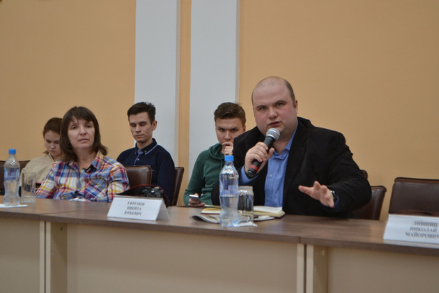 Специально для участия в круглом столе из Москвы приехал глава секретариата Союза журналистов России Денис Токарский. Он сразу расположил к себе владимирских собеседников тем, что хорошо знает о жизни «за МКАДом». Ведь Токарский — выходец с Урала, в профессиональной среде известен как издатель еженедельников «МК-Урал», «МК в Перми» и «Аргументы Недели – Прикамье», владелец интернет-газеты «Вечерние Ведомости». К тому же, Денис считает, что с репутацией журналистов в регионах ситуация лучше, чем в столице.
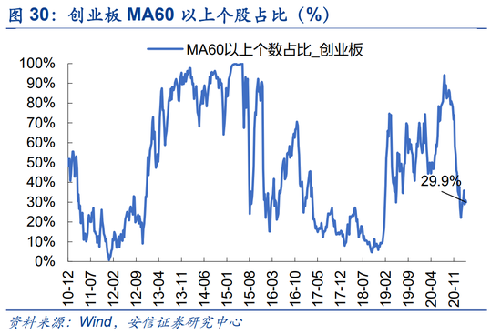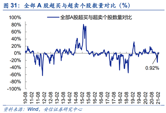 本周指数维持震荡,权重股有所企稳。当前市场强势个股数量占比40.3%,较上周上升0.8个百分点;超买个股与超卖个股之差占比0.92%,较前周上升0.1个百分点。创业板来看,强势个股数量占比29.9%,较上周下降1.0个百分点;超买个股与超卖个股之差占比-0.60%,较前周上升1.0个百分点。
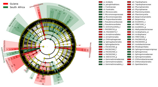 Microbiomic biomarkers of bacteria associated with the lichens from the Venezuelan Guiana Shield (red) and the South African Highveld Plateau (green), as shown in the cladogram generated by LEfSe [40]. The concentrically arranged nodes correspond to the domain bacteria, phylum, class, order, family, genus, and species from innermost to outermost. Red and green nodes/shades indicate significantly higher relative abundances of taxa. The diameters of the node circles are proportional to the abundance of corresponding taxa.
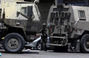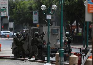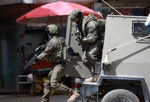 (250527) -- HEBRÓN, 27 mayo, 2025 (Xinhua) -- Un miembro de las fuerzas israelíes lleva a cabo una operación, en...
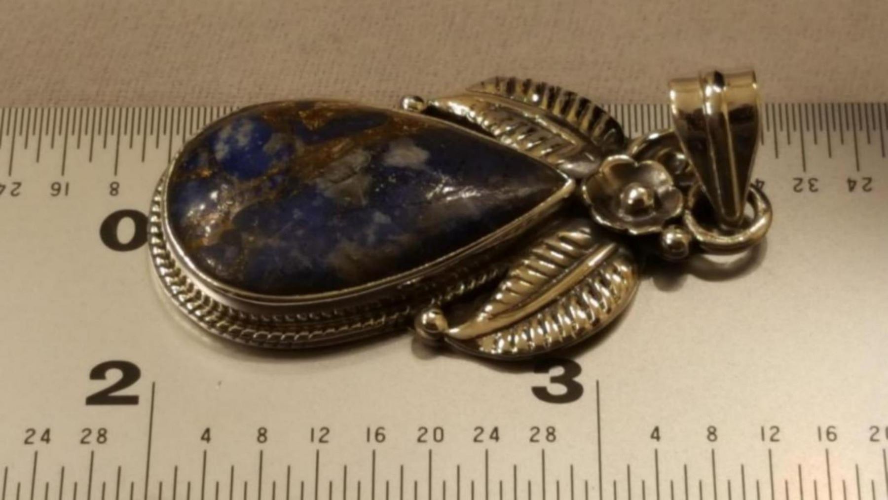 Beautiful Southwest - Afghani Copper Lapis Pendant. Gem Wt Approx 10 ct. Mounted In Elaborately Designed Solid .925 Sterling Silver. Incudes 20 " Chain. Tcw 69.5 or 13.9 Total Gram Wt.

• • •

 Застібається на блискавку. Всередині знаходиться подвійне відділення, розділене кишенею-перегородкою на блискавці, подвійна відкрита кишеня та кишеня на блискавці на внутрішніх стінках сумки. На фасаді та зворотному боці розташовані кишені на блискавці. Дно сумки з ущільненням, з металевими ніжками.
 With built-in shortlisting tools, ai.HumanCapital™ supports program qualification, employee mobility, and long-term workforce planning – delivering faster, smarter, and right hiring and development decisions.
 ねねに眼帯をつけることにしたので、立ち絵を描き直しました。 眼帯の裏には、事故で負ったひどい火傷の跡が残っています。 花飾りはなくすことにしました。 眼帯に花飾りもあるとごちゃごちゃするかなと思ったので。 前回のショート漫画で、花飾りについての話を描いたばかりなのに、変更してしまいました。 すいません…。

• • •

* **TASK TO COMPLETE**
Take the entries above and copy exactly the lines starting at the one with "本周指数维持震荡,权重股有所" and ending at the one with "Beautiful Southwest - Afghani"; nothing outside that span, and no pictures.

* **YOUR SOLUTION**
 本周指数维持震荡,权重股有所企稳。当前市场强势个股数量占比40.3%,较上周上升0.8个百分点;超买个股与超卖个股之差占比0.92%,较前周上升0.1个百分点。创业板来看,强势个股数量占比29.9%,较上周下降1.0个百分点;超买个股与超卖个股之差占比-0.60%,较前周上升1.0个百分点。
 Microbiomic biomarkers of bacteria associated with the lichens from the Venezuelan Guiana Shield (red) and the South African Highveld Plateau (green), as shown in the cladogram generated by LEfSe [40]. The concentrically arranged nodes correspond to the domain bacteria, phylum, class, order, family, genus, and species from innermost to outermost. Red and green nodes/shades indicate significantly higher relative abundances of taxa. The diameters of the node circles are proportional to the abundance of corresponding taxa.
 (250527) -- HEBRÓN, 27 mayo, 2025 (Xinhua) -- Un miembro de las fuerzas israelíes lleva a cabo una operación, en...
 Beautiful Southwest - Afghani Copper Lapis Pendant. Gem Wt Approx 10 ct. Mounted In Elaborately Designed Solid .925 Sterling Silver. Incudes 20 " Chain. Tcw 69.5 or 13.9 Total Gram Wt.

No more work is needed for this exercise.